Quelle: Michael Thomas

Der Bunker unterm Klagesmarkt war in den vergangenen Monaten mehrfach in den Schlagzeilen, weil für den darüberliegenden Platz neue Gestaltungskonzepte diskutiert werden. Im Zuge des City-2020-Planungswettbewerbs hatten sich Ideen für eine Bebauung des Parkplatzes im Ostteil des Klagesmarkts konkretisiert. Der stillgelegte Großbunker stellt ein düsteres Zeugnis der Kriegsgeschichte dar.
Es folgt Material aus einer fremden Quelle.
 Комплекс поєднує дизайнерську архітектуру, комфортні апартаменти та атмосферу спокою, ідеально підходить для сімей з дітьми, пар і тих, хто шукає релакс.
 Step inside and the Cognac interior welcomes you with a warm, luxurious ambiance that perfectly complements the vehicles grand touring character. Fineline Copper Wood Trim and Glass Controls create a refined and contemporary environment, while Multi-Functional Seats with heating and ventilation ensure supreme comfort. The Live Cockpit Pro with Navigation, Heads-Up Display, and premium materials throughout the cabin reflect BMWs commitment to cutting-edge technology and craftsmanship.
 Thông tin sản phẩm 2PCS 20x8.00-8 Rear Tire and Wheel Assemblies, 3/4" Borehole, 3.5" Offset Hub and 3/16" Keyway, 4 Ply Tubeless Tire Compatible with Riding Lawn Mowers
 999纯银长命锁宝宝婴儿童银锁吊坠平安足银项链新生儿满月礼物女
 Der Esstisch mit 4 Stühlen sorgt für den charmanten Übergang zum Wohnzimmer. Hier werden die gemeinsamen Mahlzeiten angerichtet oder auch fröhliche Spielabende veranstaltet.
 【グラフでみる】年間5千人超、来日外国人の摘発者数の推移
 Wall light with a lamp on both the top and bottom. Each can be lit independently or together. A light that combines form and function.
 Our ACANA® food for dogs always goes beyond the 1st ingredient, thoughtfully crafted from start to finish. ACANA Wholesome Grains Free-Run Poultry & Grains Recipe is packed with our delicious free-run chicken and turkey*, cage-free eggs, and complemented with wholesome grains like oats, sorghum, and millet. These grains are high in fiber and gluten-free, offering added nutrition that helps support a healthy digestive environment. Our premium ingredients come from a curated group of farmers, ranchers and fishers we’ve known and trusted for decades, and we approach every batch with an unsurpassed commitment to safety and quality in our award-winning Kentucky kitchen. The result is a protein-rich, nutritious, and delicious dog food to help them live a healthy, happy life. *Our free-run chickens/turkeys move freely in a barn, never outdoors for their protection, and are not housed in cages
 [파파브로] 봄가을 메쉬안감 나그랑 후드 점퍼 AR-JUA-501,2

Die ersten beiden Bunkerverkäufe sind schon so gut wie abgeschlossen: Der Bund ist bei seinen Bemühungen, die Hochbunker Lönsstraße (Zooviertel) und Lister Kirchweg zu verkaufen, offenbar schon weit gekommen. Die Kaufverträge seien aufgesetzt, hieß es gestern in der Bundesanstalt für Immobilienaufgaben, jetzt gehe es nur noch um Details.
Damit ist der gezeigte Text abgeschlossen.